_Your assignment:_ Here are the records. Write out exactly the lines between the one holding "AI Generated Image." and the one holding "NEW ASHLEY SIGANTURE", inclusive.

-------- Provided data --------

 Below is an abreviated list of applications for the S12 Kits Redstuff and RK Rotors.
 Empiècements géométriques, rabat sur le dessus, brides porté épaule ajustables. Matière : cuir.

--------
-------- Provided data --------

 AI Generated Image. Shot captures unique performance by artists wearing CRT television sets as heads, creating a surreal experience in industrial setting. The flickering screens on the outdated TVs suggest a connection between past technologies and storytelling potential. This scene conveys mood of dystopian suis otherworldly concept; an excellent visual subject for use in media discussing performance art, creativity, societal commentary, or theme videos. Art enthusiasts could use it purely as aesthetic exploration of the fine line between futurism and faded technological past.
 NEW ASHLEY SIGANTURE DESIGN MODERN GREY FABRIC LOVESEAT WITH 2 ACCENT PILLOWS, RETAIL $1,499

--------

_Reply:_
 AI Generated Image. Shot captures unique performance by artists wearing CRT television sets as heads, creating a surreal experience in industrial setting. The flickering screens on the outdated TVs suggest a connection between past technologies and storytelling potential. This scene conveys mood of dystopian suis otherworldly concept; an excellent visual subject for use in media discussing performance art, creativity, societal commentary, or theme videos. Art enthusiasts could use it purely as aesthetic exploration of the fine line between futurism and faded technological past.
 NEW ASHLEY SIGANTURE DESIGN MODERN GREY FABRIC LOVESEAT WITH 2 ACCENT PILLOWS, RETAIL $1,499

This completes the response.